28.7 C
New York
Saturday, July 27, 2024

Anthony Martial was bought to be a Man Utd superstar but will leave with a whimper

What started with a bang against Liverpool in September 2015 will end with an injury-related whimper nine years later.

Anthony Martial is nearing the end of his Manchester United career. The 28-year-old France striker will be unavailable for selection for an estimated 10 weeks as he recovers from groin surgery. Barring an unprecedented goalscoring hot streak between a potential April return and the end of the season, he is unlikely to convince senior executives at the club to exercise the option of another year on his expiring contract.

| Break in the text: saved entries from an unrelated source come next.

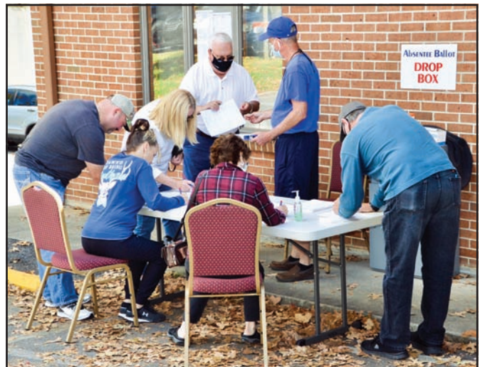
Towns County poll workers are directing voters to fill out a small form upon arrival for early in-person voting at the Elections Board Office.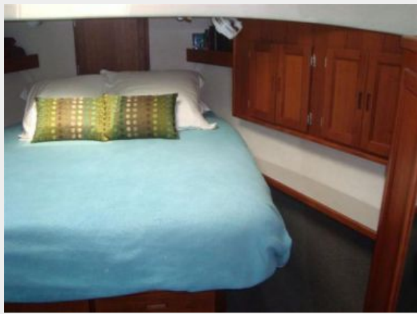
Master-2 -Storage Starbd Side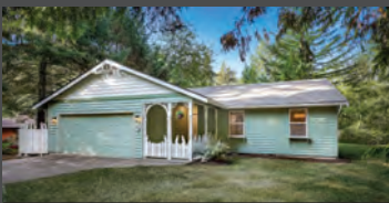
5 SKYLAND CT • $455,000 • 1,196 SQFT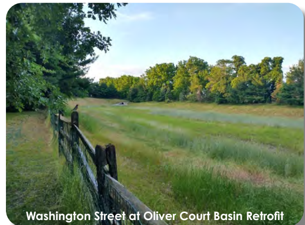
Washington Street at Oliver Court Basin Retrofit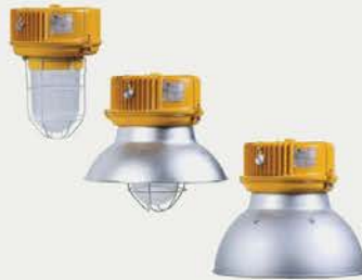
BnD81 series Exploision-proof Light Fittings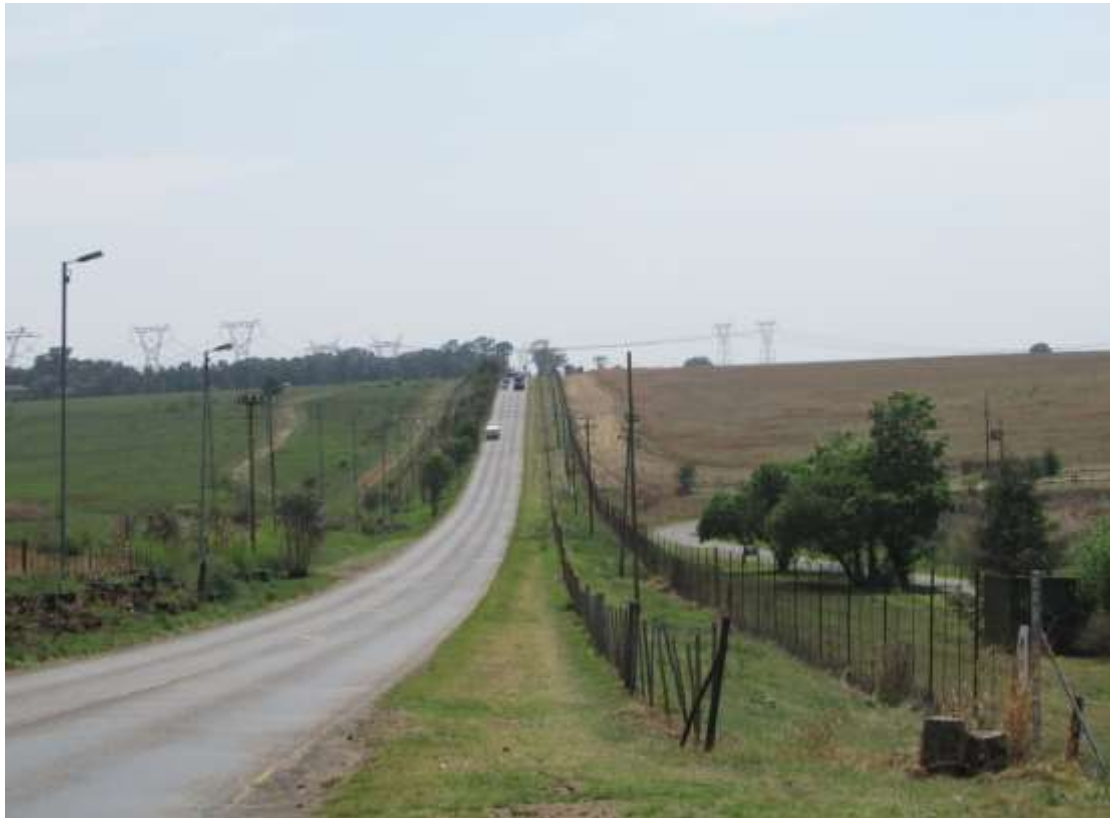
Figure 14: A view of a section of the existing M31 road that will be upgraded.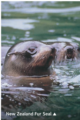
New Zealand Fur Seal ▲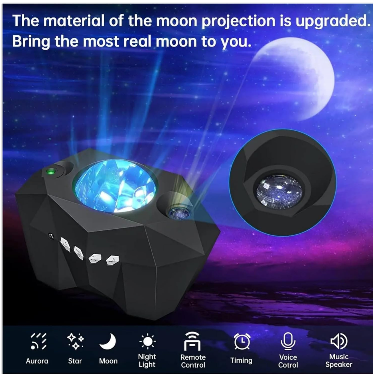
Image 5: This image highlights the upgraded moon projection feature, showing a clear and realistic moon projected onto a surface, emphasizing the quality of the lunar imaging.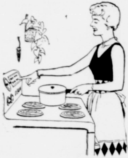
WORK IN COMFORT — electric range helps keep cook and kitchen cooler.

MORE COMFORT WHEN YOU LIVE ELECTRICALLY!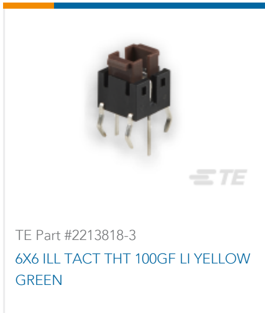
TE Part #2213818-3 6X6 ILL TACT THT 100GF LI YELLOW GREEN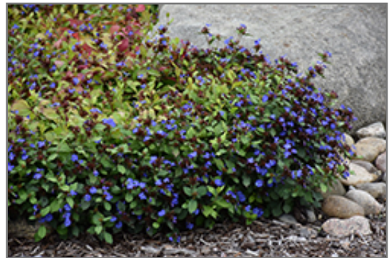
Plumbago in bloom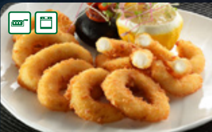
Plant Based Calamari Rings 254032 • 1kg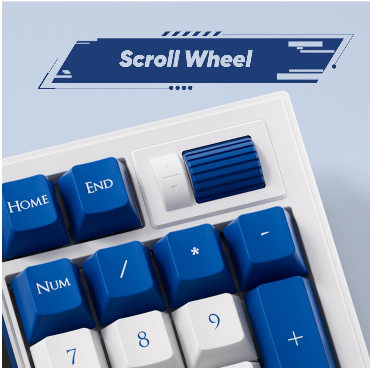
Image: The Akko 5098B keyboard showcasing its customizable RGB backlighting.

The keyboard features south-facing RGB lighting, offering vibrant and customizable illumination. The RGB effects can be controlled via the LCD screen or the Akko Cloud Driver software. An RGB bar is also present below the LCD screen for additional visual flair.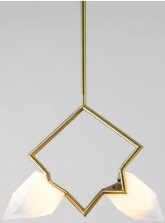
Double Pendant (Brushed Brass / White) L 15 in / 38 cm × W 12 in / 30 cm × H 14 in / 36 cm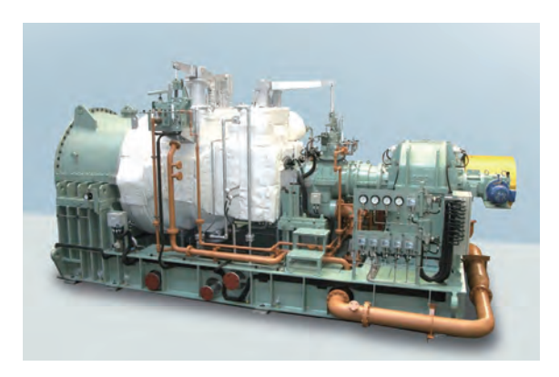
Fig. 8 Generator-use steam turbine

generation use, and HP and HC models for mechanical drive use (Fig. 8). Their output range extends from 1,000 kW to 150,000 kW.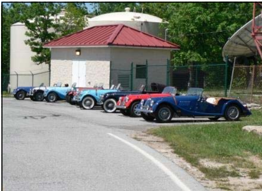
The other half the of the cars at the lookout on Cheaha Mountain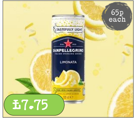
Limonata Lemon- 12 x 330ml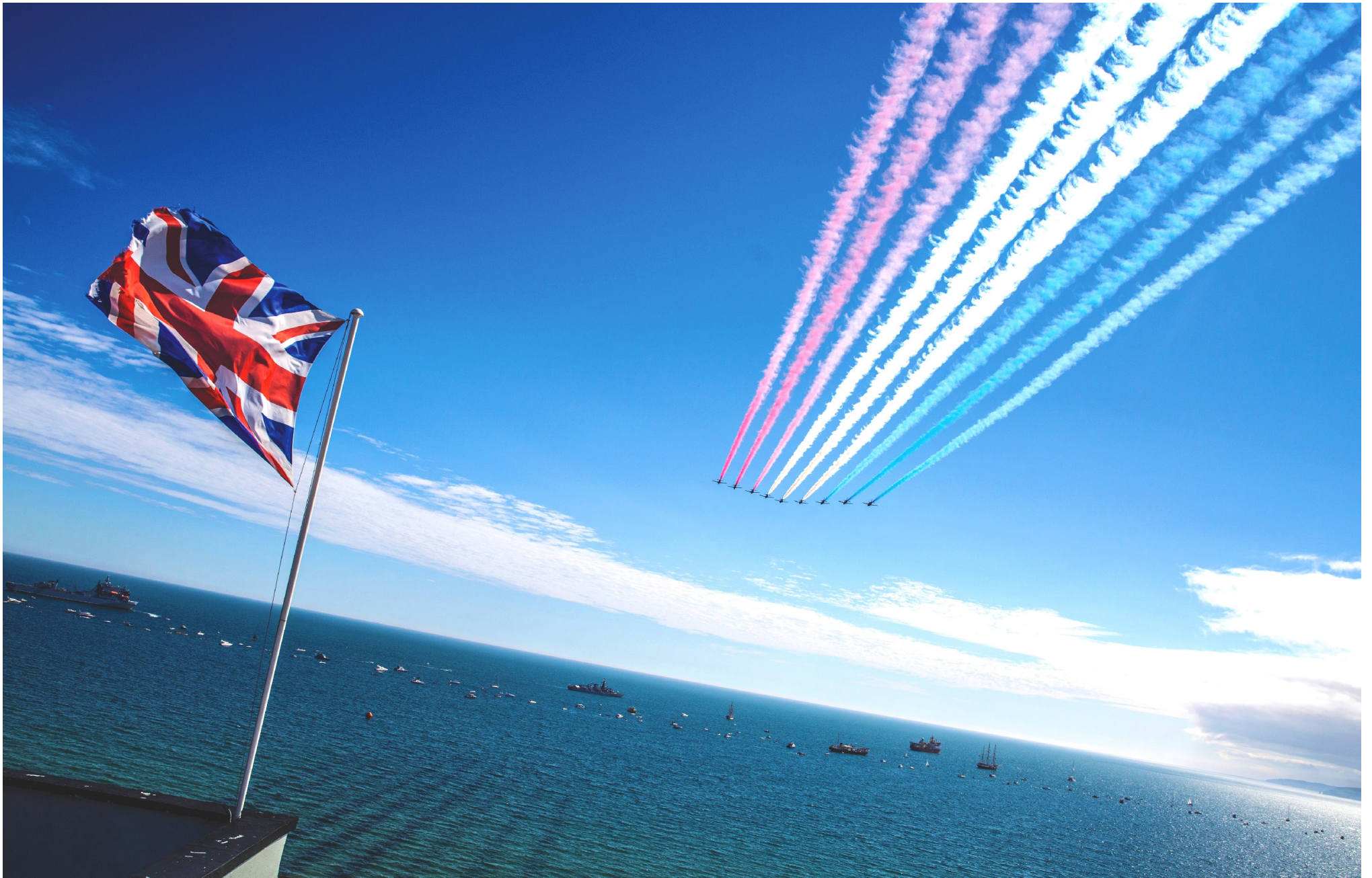
Every August, the award winning Bournemouth Air Festival offers one of the largest air displays in the country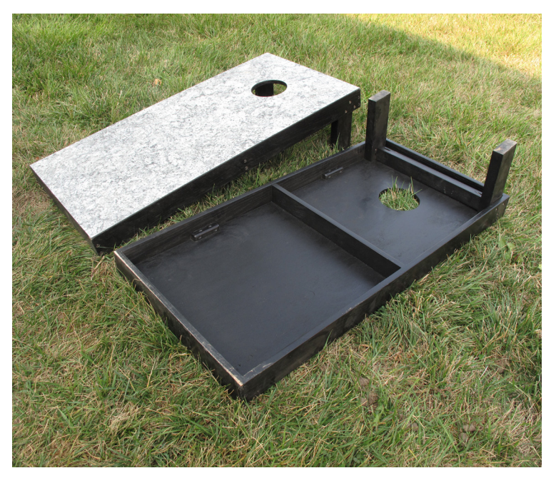
Cornhole Board Set made in Shop #29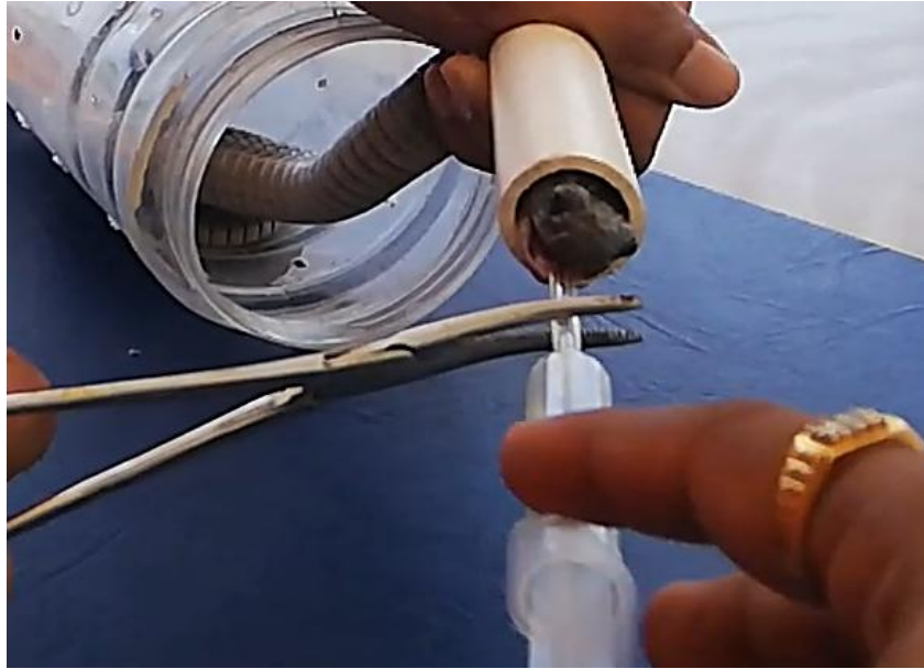
Fig.2 Oral administration of a preparation containing vitamins after proper physical restraint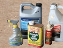
Chemicals, Solvents, Fuels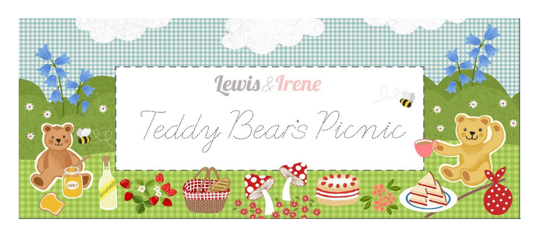
Designed and made by Sally Ablett - Throw 1

Size of runner 50" x 50" - unfinished block size 24\frac{1}{2} " x 24\frac{1}{2} " - 12\frac{1}{2} " x 12\frac{1}{2} "

This is the beginning of the end of Martial as a United player.

It cost them £36million ($45.7m at the current exchange rate) to acquire his services from Monaco nine years ago — at the time, the highest fee any club had paid for a teenager.

Questions over the fee were calmed late in his debut as he scored the clincher in a 3-1 win against Liverpool at Old Trafford, collecting the ball in the left half-space, twisting Martin Skrtel inside and out, then finishing in the far corner. It was a goal that drew comparisons to Thierry Henry, although in the years that followed Martial proved himself closer to another former Arsenal and France forward, Nicolas Anelka, in playing style.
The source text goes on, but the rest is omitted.